The Five-Dollar Shake: Pulp Fiction At 25 (Only now it's 30!)
Quentin Tarantino's 1994 crime epic is the gift that keeps on giving
This week, or thereabouts (these anniversaries are coming thick and fast), Pulp Fiction turned twenty-five and Fight Club a sprightly twenty (can there really be only five years between them?). They both mark a much starker memorial: it was twenty-five years ago I was young.
Returning to the two films, I tried a preposterous thought experiment in which these two era-defining, hipper-than-thou sidelong epics take things out to the car park to throw a few punches for old times sake, see who was the better movie. But my imaginary fist fight became a dizzying mess of fictional characters absurdly hurling fists at their own faces, before collapsing in a heap of heroin-addled delirium. I couldn't figure out a punchline.
In any case, I realised I loved Pulp Fiction just that bit more and decided to explain why. Don't get me wrong I still like Fight Club plenty, but I'm not here to talk about that.
The idea for Pulp Fiction had been hatched in Quentin Tarantino's Video Archive days out of a vast, 500-page ur-text of interconnected crime stories called The Open Road. This was mostly a rat-eared pile of script pages, kind of the Dead Sea Scrolls of the Tarantino universe written in felt tip. Herein were the protean instalments of Natural Born Killers, True Romance and Reservoir Dogs, as well as the first two of the three interwoven tales of Pulp Fiction. At one stage, the failed heist of Reservoir Dogs was to be the third of its three stories, which would all feature Vic Vega (later to be Michael Madsen). With me?

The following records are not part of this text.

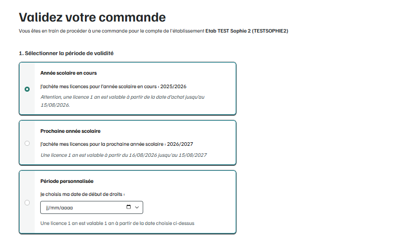C'est sur la page "Validation de commande" que vous pourrez configurer la date de début de validité de licence ou ajouter le numéro d'engagement pour Chorus Pro.
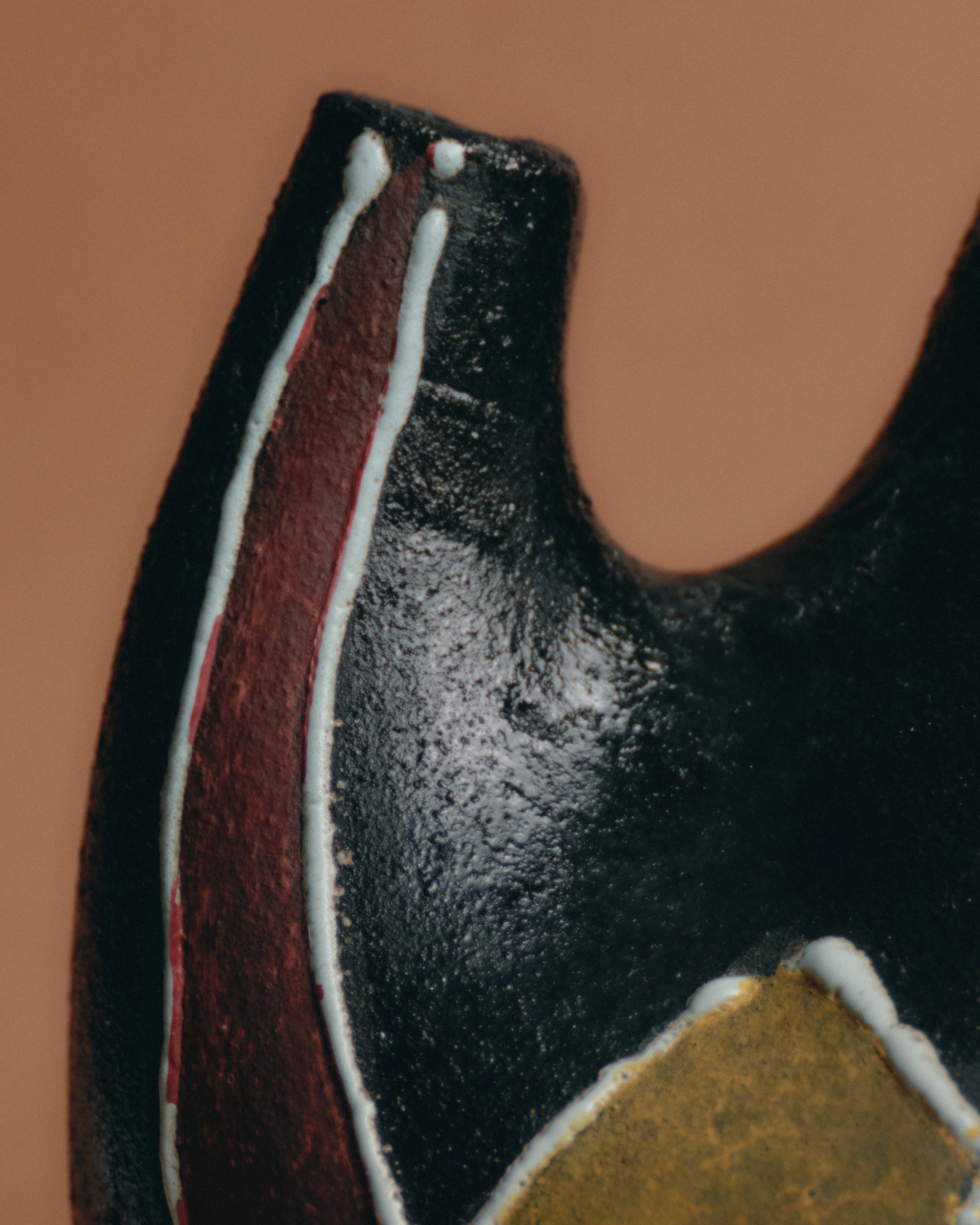 Pichet en grès texturé signé Atelier Accolay, circa 1950-60. Corps galbé à double ouverture, décor en relief aux motifs géométriques dans des tons ocre, vert olive et brun rouge sur fond noir mat. En superbe état.
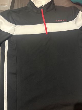 Jersey deportivo de manga larga con cremallera. - Diseño con franjas blancas en el pecho. - Detalle de cremallera roja. - Ribete blanco en los laterales.
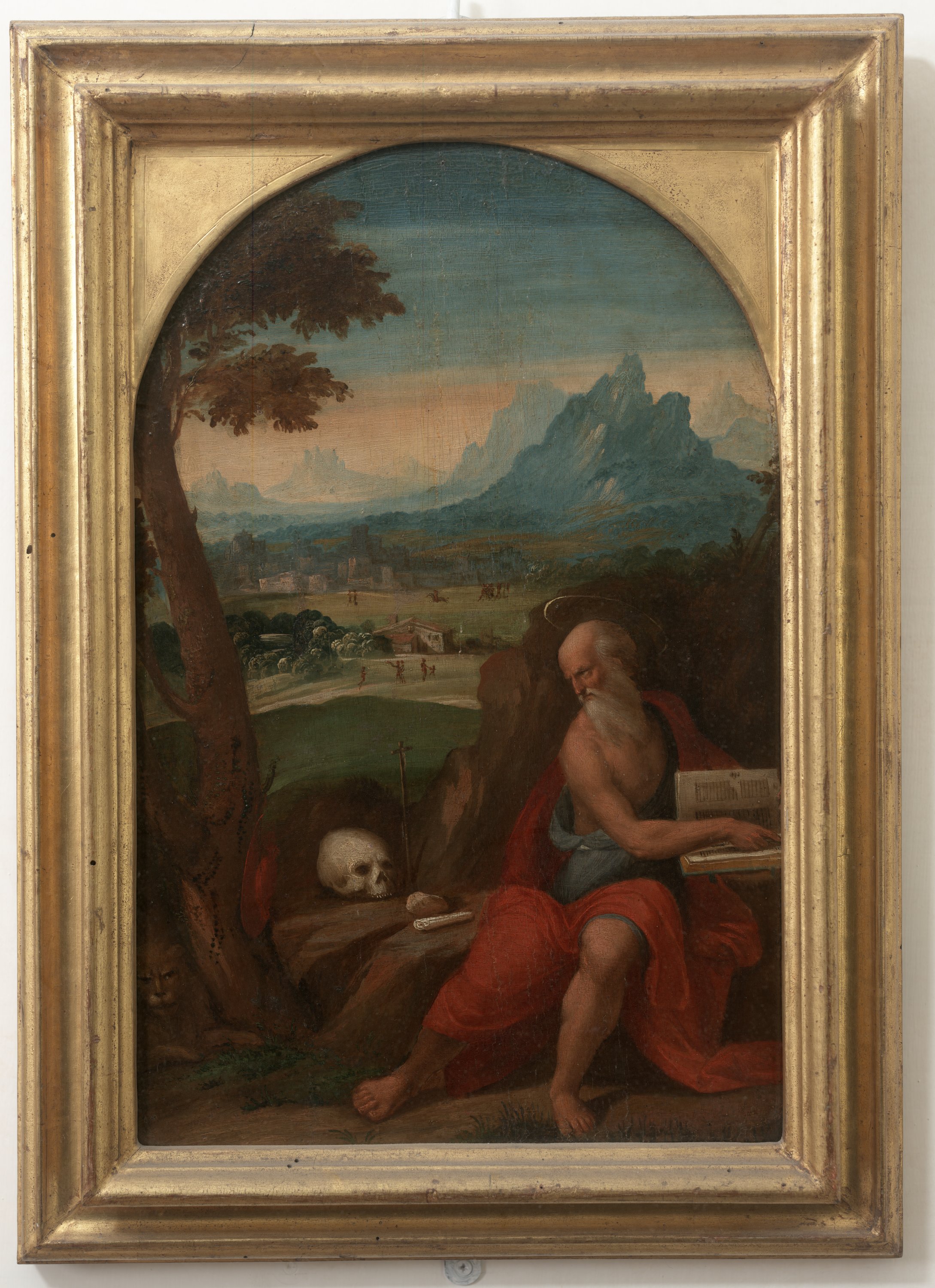 La slanciata e sinuosa figura dell’albero sulla sinistra richiama una natura benigna che offre riparo al leone e possibilità di vita all’edera. Il suo legno inoltre è simbolo della croce di Cristo: sotto le fronde si snoda la diagonale che congiunge e lega gli sguardi di San Girolamo e del leone, passando per il nudo teschio bianco, rimando simbolico alla fragilità dell’esistenza umana. Equilibrio e armonia del creato trovano così una ricomposizione ai piedi dell’albero-croce. Attribuita a Garofalo solo a metà Novecento, la tavola trova termini di confronto in altri due dipinti dell’artista che raffigurano lo stesso soggetto: uno conservato in Collezione Kress [New Orleans, Isaac Delgado Museum of Art, Kress collection, K. 1111] e il più noto San Girolamo della Gemäldegalerie di Berlino [Staatliche Museen zu Berlin,Gemäldegalerie, inv. 243].
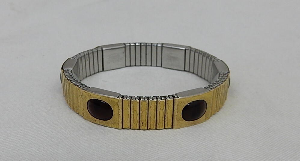 - 【中古保管品】★ヴィンテージ Aimante Pat. 269121 ブレスレット 伸縮ベルト 金色/シルバー色/ブラウンストーン MADE IN JAPAN
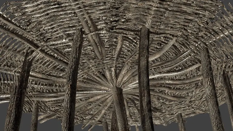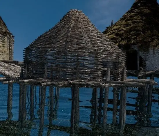 Detailed and photo-realistic 3D model of a Prehistoric wooden house, more specifically a coastal Neolithic Crannog popular in ice age Wales/Scotland/Ireland. This model is perfect for scenes both in the water and on land, the beams either acting as the foundation or anchored stakes in the riverbed. This design was created in Blender, is also currently available in fbx/obj/dae/3ds and is ready to be converted and/or rendered into ANY SUPPORTED 3D PROGRAMME for the desired effect of the customer, ready to be used straight away in games/film/media. All texture maps have been utilised for a realistic depiction (ambient occlusion, specular,normal,displacement,diffuse etc). Effectively an archaeological reconstruction of an archetypal Neolithic Crannog settlement, this design can be used as a generic prehistoric settlement for any scene. Crannogs were defensive prehistoric coastal dwellings and stilted/built in the centre of bodies of water (lakes, coastal sea, rivers and estuarine waters) in North-West Europe. They were used as dwellings over five millennia and still persist today in some areas. The moderate to high polycount serves the making up of hundreds of branches building the walls, roofs and outer balconies, themselves resting on larger logs acting as columns - retaining in detail the organic form of each of the unique branches. Model and entire scene environment included.
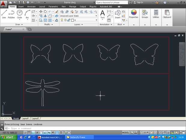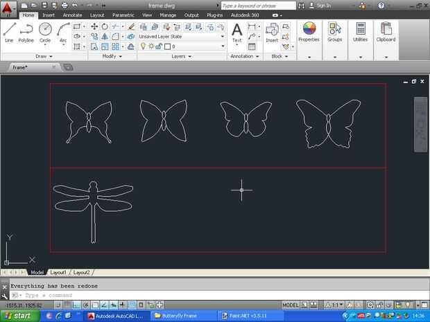 2. para la libélula, yo busqué en Google una imagen, luego inserta la imagen como fondo en Autocad. Yo entonces efectivamente trazada la mitad con una polilínea, reflejando una vez más para comprobar que era simétrica. Luego eliminar la imagen original.
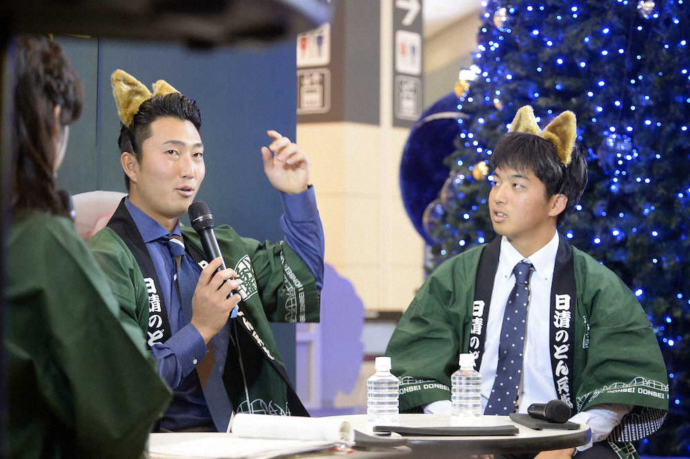 トークショーでどんぎつねの耳を着用した藤嶋健人(左)、山本拓実
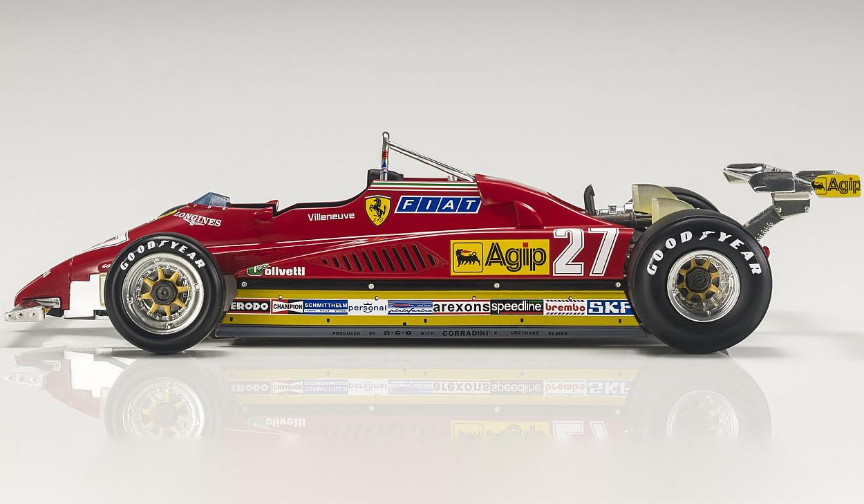 Popis modelu: Model je vyroben z pryskyřičné slitiny RESIN. Verze modelu vychází z vozu, který pilotoval Gilles Villeneuve. Model je dodáván přišroubován na podkladové desce.
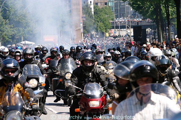 Harleyfahrer Foto, Harley Days Fotografie, dicke Luft & Scheinwerfer Lichter, Motorrad Konvoi, Straßenfest in Lederlook

Emotionally strung out and utterly compelling, Reservoir Dogs had gone its own way to become the launchpad of the Tarantino moment (now nearly thirty-years to the good), so instead Tarantino reworked one of former friend and Archivist Roger Avary's loose concepts about a troubled boxer who fails to take a fall as planned (who unfixes a fight) called Pandemonium Reigns. With Avary's help (the wellspring of their public falling out when it came to taking credit), Butch the boxer's frenzied getaway (or lack of it) would be braided between the two existing stories, and sticky plastered kingpin Marcellus Wallace (Ving Rhames) would be the through line. It's his briefcase the hitmen retrieve in story one, his wife, Mia, who is to be entertained in story two, and he who had organised for Butch to throw his fight.
Thankfully, Madsen got tied up making Wyatt Earp and Tarantino rewrote the character as Vincent Vega, his brother and one of those hitmen cum mob factotums and wrapping him in the sallow skin of John Travolta. In so doing he set a tone for his second film: jazzier, more textured and more melancholy than any of those other early-Tarantino crime stories. More amoral too. It's worth repeating how European a film Pulp Fiction really is, a riff on Godard's riff on American gangster movies, Bande à Part. It's kinda existential. A film about destiny in which the characters wrestle with the fact they are characters destined for predestined ends. With me?
The truth is, Pulp Fiction is a funny and humane film underneath its veneer of cool and surf guitar sounds, and between the snare strike of those famous high-frequency moments. You know: brains on the back seat, Uma Thurman speared with adrenaline, Bruce Willis vs the pawnshop rednecks (a backstreet Deliverance). Another unusually human aspect is how quickly the dial can get spun to panic stations. When the going gets tough, people go to pieces. Except Jackson's Jules, though he does get het-up. And Keitel's Winston Wolf.
What I always remember, however, is the elegant, unhurried vibe. All the irrelevant but relevant talk. The warm, slow hit of pure entertainment contained in simply hanging out with these characters. It's that sublime Tarantino quality: we enjoy his films most when they don't behave like films at all. Where traditional thrillers fret over exposition, Tarantino idles in ephemeral grooves on the taxonomy of fast food or the ethics of giving a foot massage (both highly complex). Counterintuitively the effect is thrilling — the characters unfurl into poignant and farcical dimensions.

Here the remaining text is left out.